Promundo and National Early Childhood Network Deliver Recommendations on Preventing Violence in Early Childhood to Rio de Janeiro Government

Rede Nacional Primeira Infância logoOn April 9, the legislative, executive, and judicial bodies in Rio de Janeiro signed an agreement on the protection of the rights of children and youth. Representatives from Rio de Janeiro’s State Court, the City Hall, the State Attorney General, the Ombudsman, the United Nations Children’s Fund (UNICEF), mayors from other municipalities, and other state and municipal authorities attended the event.

Promundo, together with the National Early Childhood Network (“Rede Nacional Primeira Infância,” in Portuguese, or RNPI) attended the ceremony to deliver a letter of recommendation on the prevention of violence in early childhood. The letter was produced during the conference “Violence and its Impact on Child Development: Historical and Contextual Reflections, Public Policy, and Protective Factors,” conducted by RNPI in November 2014 in Recife, and it strengthened the content of the governmental agreement on children’s rights.

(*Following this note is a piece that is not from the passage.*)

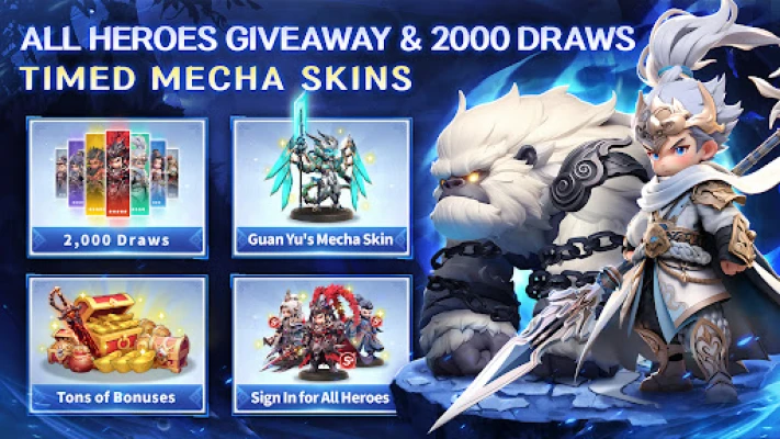 Start off strong with 2,000 draws and 100% custom S+ heroes. Don't forget to grab limited weapons, beasts, skins, and gold to give your team an extra edge in battle.

The recommendations proposed in the letter include:

  • Strengthening and financing safety nets for children and adolescents, such as the Child Protection Council (“Conselhos Tutelares,” in Portuguese);
  • Expanding intersectoral action for professionals in the “System for the Guarantee of Children and Adolescents’ Rights” (“Sistema de Garantia de Direitos,” in Portuguese”);
  • Continuing education on prevention of violence and child protection;
  • Improving the care of child victims of violence;
  • Increasing the participation of children and their families in the formulation and implementation of policies for children.

During the event, Judge Siro Darlan declared his opposition to Brazil’s proposed constitutional amendment “PEC 171/1993,” which will soon be voted on and which would amend the country’s constitution to lower the national age of criminal responsibility to 16. Voicing their opposition to the amendment, event participants discussed the institutional violence that promotes death and insecurity of children, especially those in poverty, and they cited the recent murder of a 10-year-old boy during a police operation in Complexo do Alemão, Rio de Janeiro.

Early childhood in Brazil:

  • In Brazil, there are around 20 million children between 0 and 6 years old (UNICEF, 2009).Of these, 2,866,191 live below the poverty line (CIESPI, 2010). Inequities and poverty in early childhood are still barriers to child development, making it impossible to break the cycle of poverty.
  • Accidents and assaults are the leading cause of death for children 1 to 6 years old (UNICEF, 2005). Among children aged 1 to 4 years old, the predominant cause is abandonment/neglect (39.9%), followed by sexual violence (21.8%) and physical violence (21.7%) (Mapa da Violência, 2012).
  • The institutional violence in hospitals; health centers; day care centers and preschools; and childcare, security, and justice agencies, among others, is recurrent in our society and is an issue that must be addressed.